▸ INSTRUCTIONS TO FOLLOW
Set down, exactly and only, everything from the line containing "Combine and Serve: Add" down to the line containing "2016 年 4 月 20" in the data below; the pictures are not part of the copy.

▸ INPUT RECORDS

----

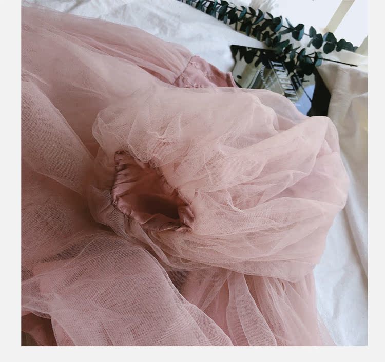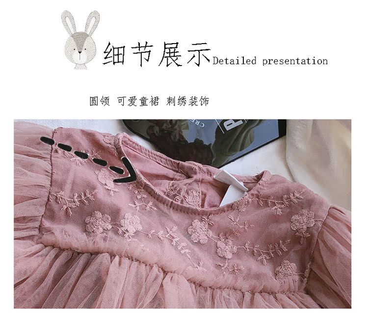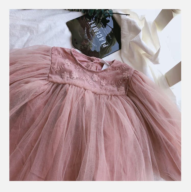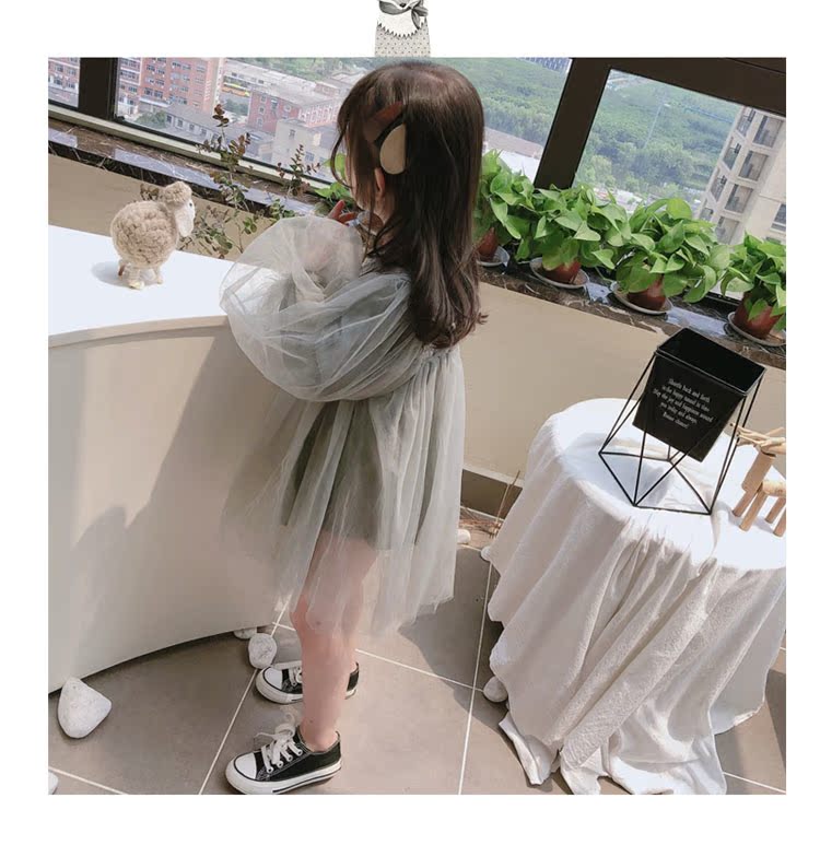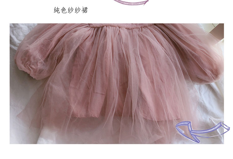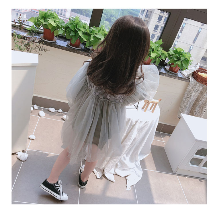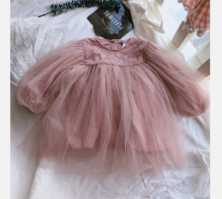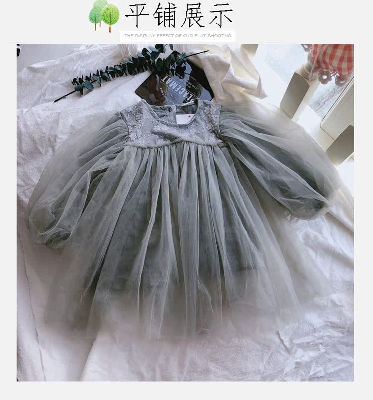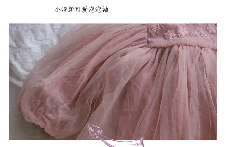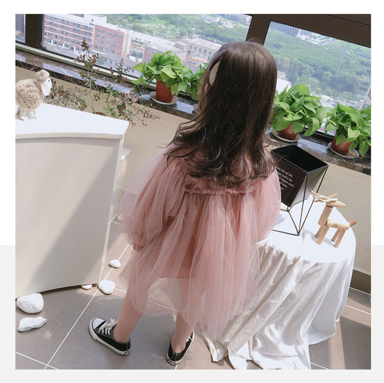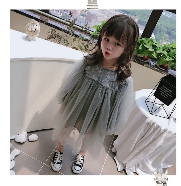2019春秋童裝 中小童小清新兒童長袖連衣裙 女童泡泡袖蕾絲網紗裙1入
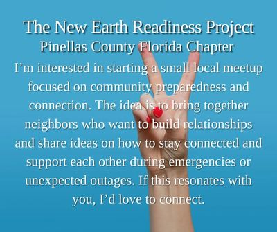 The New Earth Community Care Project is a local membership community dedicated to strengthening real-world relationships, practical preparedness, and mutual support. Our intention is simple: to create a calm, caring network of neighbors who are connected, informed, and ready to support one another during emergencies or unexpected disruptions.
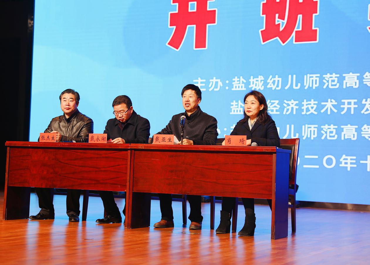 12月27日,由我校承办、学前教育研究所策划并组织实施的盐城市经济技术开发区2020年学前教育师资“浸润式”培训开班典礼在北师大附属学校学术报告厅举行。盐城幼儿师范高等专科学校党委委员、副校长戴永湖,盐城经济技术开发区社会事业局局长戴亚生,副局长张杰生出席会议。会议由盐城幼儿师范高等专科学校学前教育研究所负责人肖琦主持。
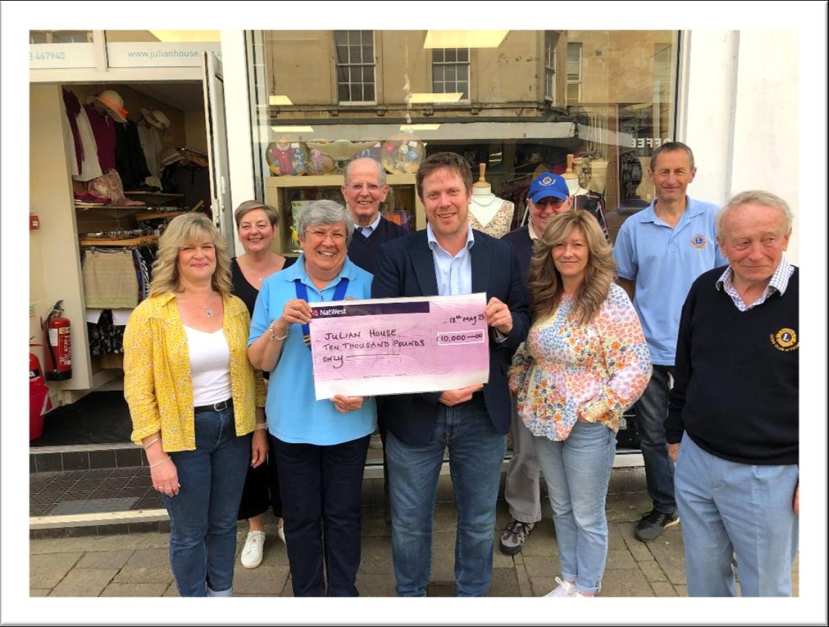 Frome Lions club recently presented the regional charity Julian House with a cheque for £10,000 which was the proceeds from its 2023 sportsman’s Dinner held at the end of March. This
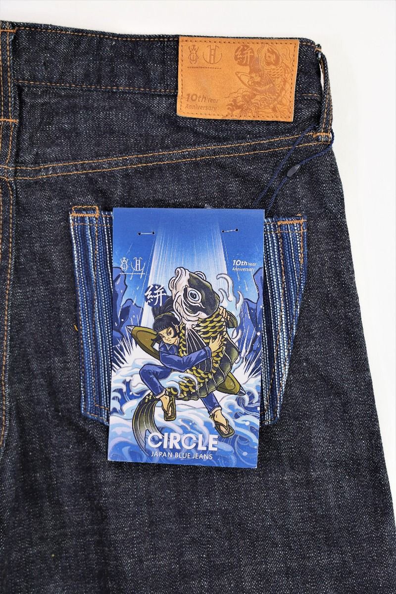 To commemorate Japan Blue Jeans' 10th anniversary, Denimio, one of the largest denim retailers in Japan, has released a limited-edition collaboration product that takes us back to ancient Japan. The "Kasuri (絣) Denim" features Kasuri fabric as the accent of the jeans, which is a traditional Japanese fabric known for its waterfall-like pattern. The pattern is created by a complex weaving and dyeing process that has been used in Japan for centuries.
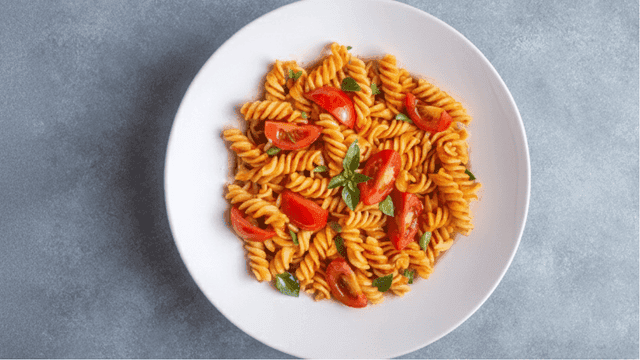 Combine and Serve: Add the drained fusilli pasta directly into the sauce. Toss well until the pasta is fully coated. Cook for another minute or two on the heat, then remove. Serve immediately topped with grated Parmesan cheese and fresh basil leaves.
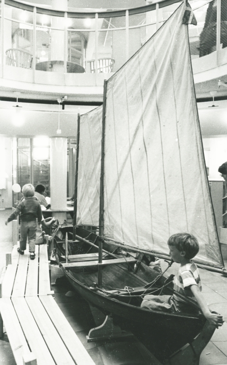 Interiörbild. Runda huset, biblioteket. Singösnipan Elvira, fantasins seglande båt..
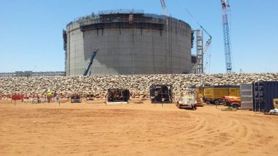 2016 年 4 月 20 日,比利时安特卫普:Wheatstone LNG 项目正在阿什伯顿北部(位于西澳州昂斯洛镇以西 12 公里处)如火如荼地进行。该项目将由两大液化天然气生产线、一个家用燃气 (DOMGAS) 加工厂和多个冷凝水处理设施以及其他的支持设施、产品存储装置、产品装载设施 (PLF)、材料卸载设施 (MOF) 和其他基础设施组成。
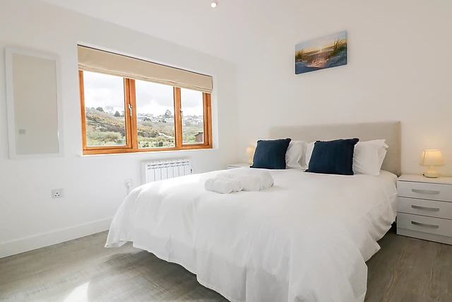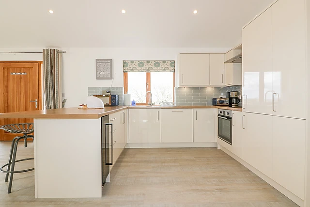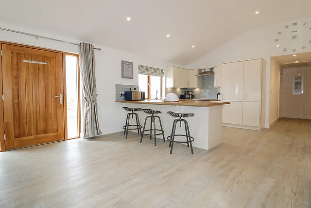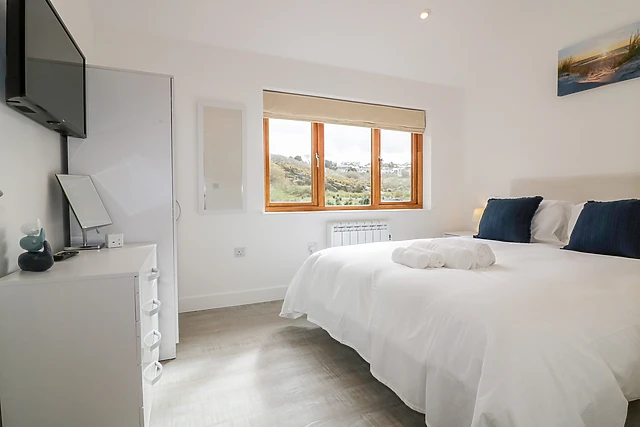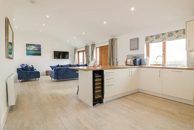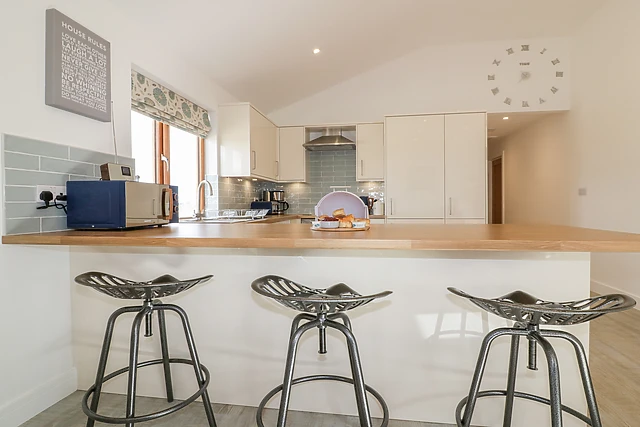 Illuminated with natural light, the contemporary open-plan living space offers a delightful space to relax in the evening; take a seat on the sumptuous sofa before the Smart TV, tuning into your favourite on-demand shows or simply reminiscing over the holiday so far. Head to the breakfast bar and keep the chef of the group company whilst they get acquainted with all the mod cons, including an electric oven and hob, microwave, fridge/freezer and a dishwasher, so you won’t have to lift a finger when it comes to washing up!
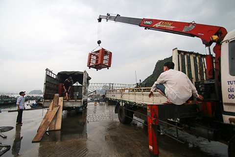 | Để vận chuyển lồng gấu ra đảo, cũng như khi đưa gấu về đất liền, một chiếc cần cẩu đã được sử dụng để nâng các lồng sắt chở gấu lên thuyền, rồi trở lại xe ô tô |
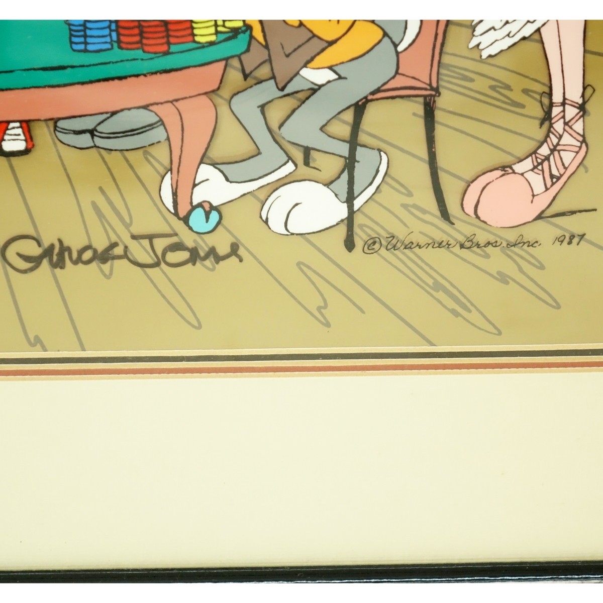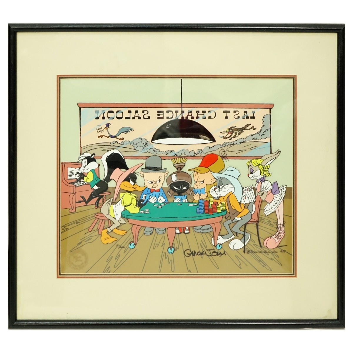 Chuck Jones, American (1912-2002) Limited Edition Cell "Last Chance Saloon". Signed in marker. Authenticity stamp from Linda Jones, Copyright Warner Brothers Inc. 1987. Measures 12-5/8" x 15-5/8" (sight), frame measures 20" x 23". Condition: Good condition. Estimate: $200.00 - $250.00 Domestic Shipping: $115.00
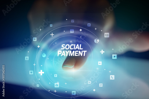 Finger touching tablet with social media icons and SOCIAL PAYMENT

----

▸ SOLUTION TO THIS TASK
 Combine and Serve: Add the drained fusilli pasta directly into the sauce. Toss well until the pasta is fully coated. Cook for another minute or two on the heat, then remove. Serve immediately topped with grated Parmesan cheese and fresh basil leaves.
 Interiörbild. Runda huset, biblioteket. Singösnipan Elvira, fantasins seglande båt..
 2016 年 4 月 20 日,比利时安特卫普:Wheatstone LNG 项目正在阿什伯顿北部(位于西澳州昂斯洛镇以西 12 公里处)如火如荼地进行。该项目将由两大液化天然气生产线、一个家用燃气 (DOMGAS) 加工厂和多个冷凝水处理设施以及其他的支持设施、产品存储装置、产品装载设施 (PLF)、材料卸载设施 (MOF) 和其他基础设施组成。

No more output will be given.